Protesters in Athens, Greece damaged 153 small businesses on Sunday, and destroyed 45 of them, reported the National Confederation of Greek Commerce.
The protests were in response to the government’s attempts to identify exactly where it will make an additional €325 million in cuts from its budget.
The cuts are necessary to secure the €130 million bailout plan that will prevent Greece from defaulting.
Jean-Claude Juncker, president of the Eurogroup, which politically controls the euro, said in a press conference last week that there would be “no disbursement without implementation.” The deal, while supported by the Greek Parliament, is still pending, because there has yet to be a specific plan put into place regarding where the spending cuts will come from.
Two government officials, speaking anonymously, told a reporter from Reuters that while there has not been a final decision, cutting the defense budget by another €125 million, in addition to the €300 million that were cut on Sunday, is being discussed.
The public’s fears over the proposed spending cuts, the €14.5 billion debt payment due on March 20, an unemployment rate hovering around 21 percent, and a shrinking GDP, culminated in a riot that ended with 67 people being arrested and 106 injured police officers.
The concern over a possible Greek default extends well beyond the country’s borders. Twelve European countries have received a downgrade in their credit rating from Moody’s, a U.S.-based credit rating agency, including France, the U.K. and Austria, who have been changed to a negative rating. Moody’s cites the euro area crisis as the reason for the downgrade.
To European dismay, it may actually be in Greece’s best interests to default.
Defaulting and declaring bankruptcy could actually revitalize the country. Monday, Luc Frieden, the finance minister of Luxembourg, said in Washington, “It might be something which would allow Greece also to get a new start … to create an economy that can create jobs.”
There are fears that a Greek bankruptcy would lead them to turn away from the euro, which some do not believe the eurozone could withstand.
In June, President Obama said that a Greek default would be disastrous.
This statement was predicated on the fact that Europe would spiral out of control if Greece defaulted.

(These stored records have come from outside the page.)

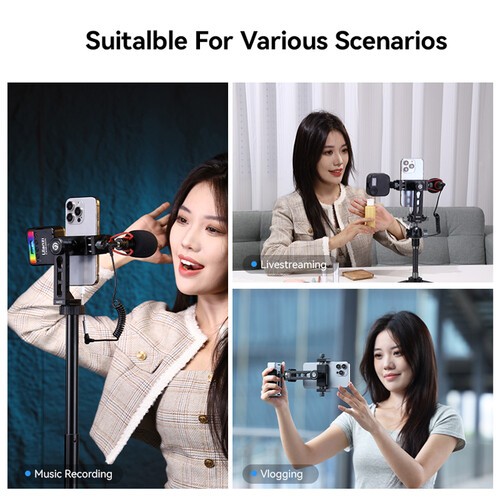 Z več pritrdilnimi točkami – vključno s hladnimi čevlji, 1/4"-20 navoji, 3/8"-16 navojem in ARRI lokacijsko luknjo – MA53 deluje kot kompaktno mobilno opremo za mikrofone, LED luči, monitorje ali brezžične sprejemnike. Ne glede na to, ali snemate vloge, družabne vsebine ali prenašate v živo, je MA53 močna in vsestranska rešitev za pritrditev pametnega telefona.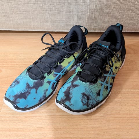 Naisten Asics sisäurheilukengät, koko 39,5. Vähän käyteyt, mutta kummankin kengän kärjessä on pieni kosmeettinen pintavika.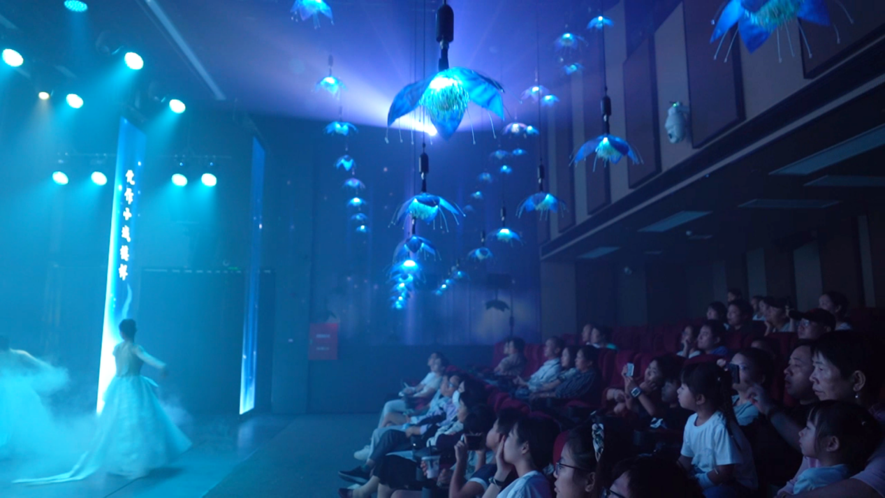 晚上7点半,非遗大秀《芷此千年》在飞虎风情街非遗剧院准时开演。舞台上,一株“芷草”破土而出,随光影舒展枝叶,以“守望者”的视角串联起芷江千年故事,将屈原辞赋、侗乡风情、和平记忆与巫傩古韵熔于一炉,让观众在35分钟的沉浸式体验中领略芷江的千年文脉。不少游客被“一株芷草串千年”的独特叙事深深打动。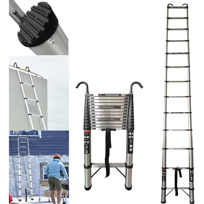 Échelle Escamotable 5 Mètre Échelle Télescopique en Acier inoxydable Échelle de Grenier avec Crochets de Toit Extension Échelles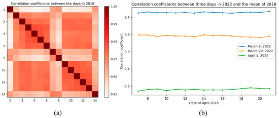 Result of correlation analysis. (a) Spearman’s rank correlation coefficient of ride counts between 15 days in 2018; (b) Spearman’s rank correlation coefficient of ride counts between the three days in 2022 and 2018.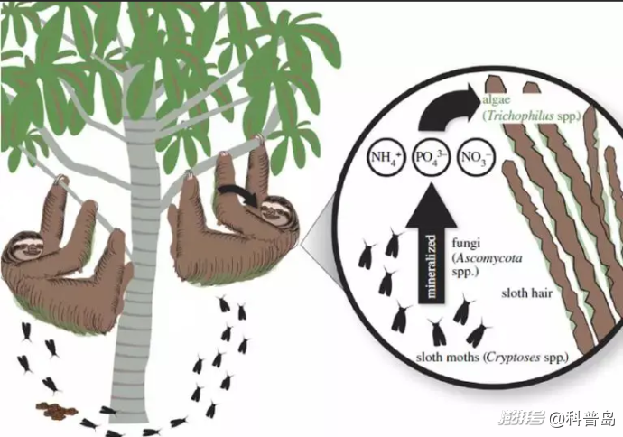 在這個(gè)互利共生的關(guān)系中,我們不難發(fā)現(xiàn),樹懶蛾最終的能量經(jīng)過一個(gè)循環(huán),還是回到了樹懶的身上。沒有什么生存策略,比直接在自己身上“種菜”更硬核的了。

German Finance Minister Wolfgang Schaeuble responded to the claim with, “we are better prepared than we were two years ago.”
The United States is not immune to the economic woes of the euro. The Dow Jones dropped 19 points at noon Tuesday, followed by Bank of America’s 2.4 percent drop shortly after. The Standard and Poor’s 500 and the Nasdaq also fell.
The next meeting for the Eurogroup was scheduled for Wednesday, but was called off by Junker.
Junker said that the group had still not received all of the information that was necessary from the government of Greece on how it plans to save the 325 million pounds.
The group leaders will instead teleconference on Wednesday, with the hope of meeting on Monday and making a final decision on the bailout plan.